▽

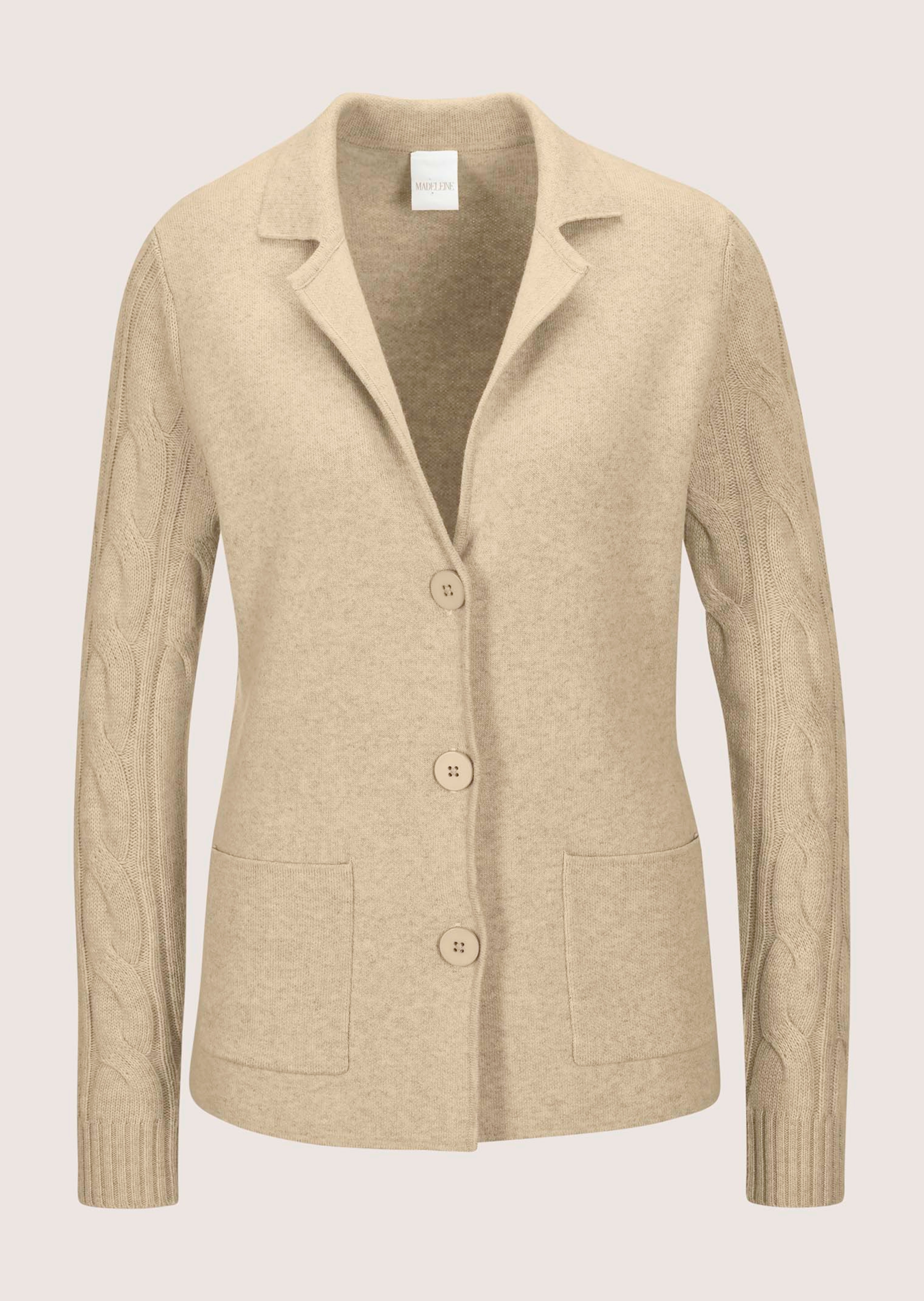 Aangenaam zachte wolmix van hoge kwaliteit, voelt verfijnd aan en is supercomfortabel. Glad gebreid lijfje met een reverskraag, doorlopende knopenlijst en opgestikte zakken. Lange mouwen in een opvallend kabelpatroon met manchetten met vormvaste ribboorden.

△
▽

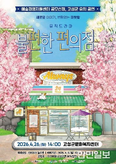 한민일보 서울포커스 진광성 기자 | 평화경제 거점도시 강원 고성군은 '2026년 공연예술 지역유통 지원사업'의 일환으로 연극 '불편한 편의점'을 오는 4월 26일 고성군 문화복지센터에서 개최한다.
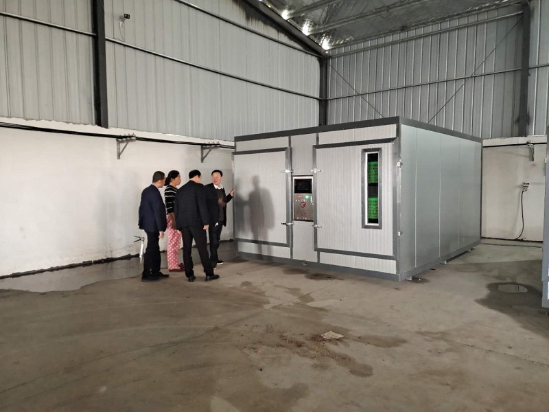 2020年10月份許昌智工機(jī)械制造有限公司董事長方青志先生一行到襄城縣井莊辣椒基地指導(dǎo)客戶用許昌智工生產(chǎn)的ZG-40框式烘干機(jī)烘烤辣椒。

△

» Task item:
In the records above, everything from the line with "한민일보 서울포커스 진광성" down to the line with "2020年10月份許昌智工機" is to be set down exactly, both ends included, with no pictures and no other lines.

» Response to this exercise:
 한민일보 서울포커스 진광성 기자 | 평화경제 거점도시 강원 고성군은 '2026년 공연예술 지역유통 지원사업'의 일환으로 연극 '불편한 편의점'을 오는 4월 26일 고성군 문화복지센터에서 개최한다.
 2020年10月份許昌智工機(jī)械制造有限公司董事長方青志先生一行到襄城縣井莊辣椒基地指導(dǎo)客戶用許昌智工生產(chǎn)的ZG-40框式烘干機(jī)烘烤辣椒。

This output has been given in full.